Books also disappear from the home of the Minister of State, father
of Jaspreet and from Dhru's house. The thefts by the 'Kitab Chor'
gang worry the group of young Indians comprising of Uma's friends,
until the entrance of revolutionary Jai Prakash with his powerful
ideas.
Jai
Prakash is a Dalit and represents the changing order in India. Unlike
Uma, Madhavi, Dhru and the other "gin drinkers", he is
uneducated and yet gains admiration from all of Uma's friends and
ultimately the top job too. Mrs Khurana, a Punjabi lady whom Uma
first befriends in Oxford, is also a representation of the new "working
class" in India. Although Mrs Khurana's displacement from Oxford
to Delhi and her metamorphosis into a rich, fashion-shop owning
merchant is a little hard to believe, Ghose probably meant her to
be an allusion to the changes in India's class structure.
So
too is the Mahatma Gandhi Foundation lecture - given by the aging
Ikram Gilchrist - which acts as a focal point to the changing order.
Despite the great oratory style of the lecture and Gilchrist's fleeting
connection with Uma's mother Ansuya, one senses that this is the
"final nail in the coffin" for the educated "gin
drinkers".
If,
like me, you miss many of the political points that Ghose is trying
to make, the rest of tale is still enjoyable enough. Ghose's novel
is rich in humour. We wonder why Uma's boyfriend Sam - son of a
1960's "flower power" mother - refuses to sleep with Uma?
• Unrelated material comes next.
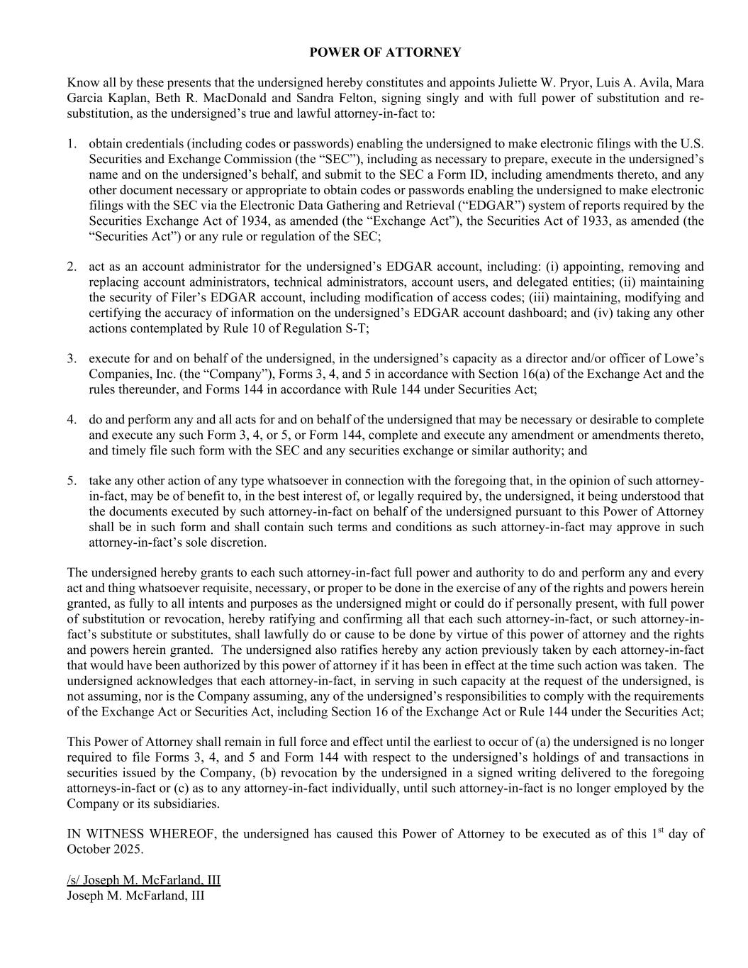 POWER OF ATTORNEY Know all by these presents that the undersigned hereby constitutes and appoints Juliette W. Pryor, Luis A. Avila, Mara Garcia Kaplan, Beth R. MacDonald and Sandra Felton, signing singly and with full power of substitution and re- substitution, as the undersigned’s true and lawful attorney-in-fact to: 1. obtain credentials (including codes or passwords) enabling the undersigned to make electronic filings with the U.S. Securities and Exchange Commission (the “SEC”), including as necessary to prepare, execute in the undersigned’s name and on the undersigned’s behalf, and submit to the SEC a Form ID, including amendments thereto, and any other document necessary or appropriate to obtain codes or passwords enabling the undersigned to make electronic filings with the SEC via the Electronic Data Gathering and Retrieval (“EDGAR”) system of reports required by the Securities Exchange Act of 1934, as amended (the “Exchange Act”), the Securities Act of 1933, as amended (the “Securities Act”) or any rule or regulation of the SEC; 2. act as an account administrator for the undersigned’s EDGAR account, including: (i) appointing, removing and replacing account administrators, technical administrators, account users, and delegated entities; (ii) maintaining the security of Filer’s EDGAR account, including modification of access codes; (iii) maintaining, modifying and certifying the accuracy of information on the undersigned’s EDGAR account dashboard; and (iv) taking any other actions contemplated by Rule 10 of Regulation S-T; 3. execute for and on behalf of the undersigned, in the undersigned’s capacity as a director and/or officer of Lowe’s Companies, Inc. (the “Company”), Forms 3, 4, and 5 in accordance with Section 16(a) of the Exchange Act and the rules thereunder, and Forms 144 in accordance with Rule 144 under Securities Act; 4. do and perform any and all acts for and on behalf of the undersigned that may be necessary or desirable to complete and execute any such Form 3, 4, or 5, or Form 144, complete and execute any amendment or amendments thereto, and timely file such form with the SEC and any securities exchange or similar authority; and 5. take any other action of any type whatsoever in connection with the foregoing that, in the opinion of such attorney- in-fact, may be of benefit to, in the best interest of, or legally required by, the undersigned, it being understood that the documents executed by such attorney-in-fact on behalf of the undersigned pursuant to this Power of Attorney shall be in such form and shall contain such terms and conditions as such attorney-in-fact may approve in such attorney-in-fact’s sole discretion. The undersigned hereby grants to each such attorney-in-fact full power and authority to do and perform any and every act and thing whatsoever requisite, necessary, or proper to be done in the exercise of any of the rights and powers herein granted, as fully to all intents and purposes as the undersigned might or could do if personally present, with full power of substitution or revocation, hereby ratifying and confirming all that each such attorney-in-fact, or such attorney-in- fact’s substitute or substitutes, shall lawfully do or cause to be done by virtue of this power of attorney and the rights and powers herein granted. The undersigned also ratifies hereby any action previously taken by each attorney-in-fact that would have been authorized by this power of attorney if it has been in effect at the time such action was taken. The undersigned acknowledges that each attorney-in-fact, in serving in such capacity at the request of the undersigned, is not assuming, nor is the Company assuming, any of the undersigned’s responsibilities to comply with the requirements of the Exchange Act or Securities Act, including Section 16 of the Exchange Act or Rule 144 under the Securities Act; This Power of Attorney shall remain in full force and effect until the earliest to occur of (a) the undersigned is no longer required to file Forms 3, 4, and 5 and Form 144 with respect to the undersigned’s holdings of and transactions in securities issued by the Company, (b) revocation by the undersigned in a signed writing delivered to the foregoing attorneys-in-fact or (c) as to any attorney-in-fact individually, until such attorney-in-fact is no longer employed by the Company or its subsidiaries. IN WITNESS WHEREOF, the undersigned has caused this Power of Attorney to be executed as of this 1st day of October 2025. /s/ Joseph M. McFarland, III Joseph M. McFarland, III

Is he conversely confined by his hippy upbringing or does he not
love Uma enough?
Sagarika
Ghose, who was a Rhodes scholar at Oxford, gives the reader a glimpse
of life among the rich and educated elite India and how the more
dynamic and aggressive working population now threaten their way
of life. Will this elite group continue to fade way, drowning their
troubles in gin we wonder? The final denouement matters little,
because by this time you are too busy soaking up the rich array
of characters that Ghose has created.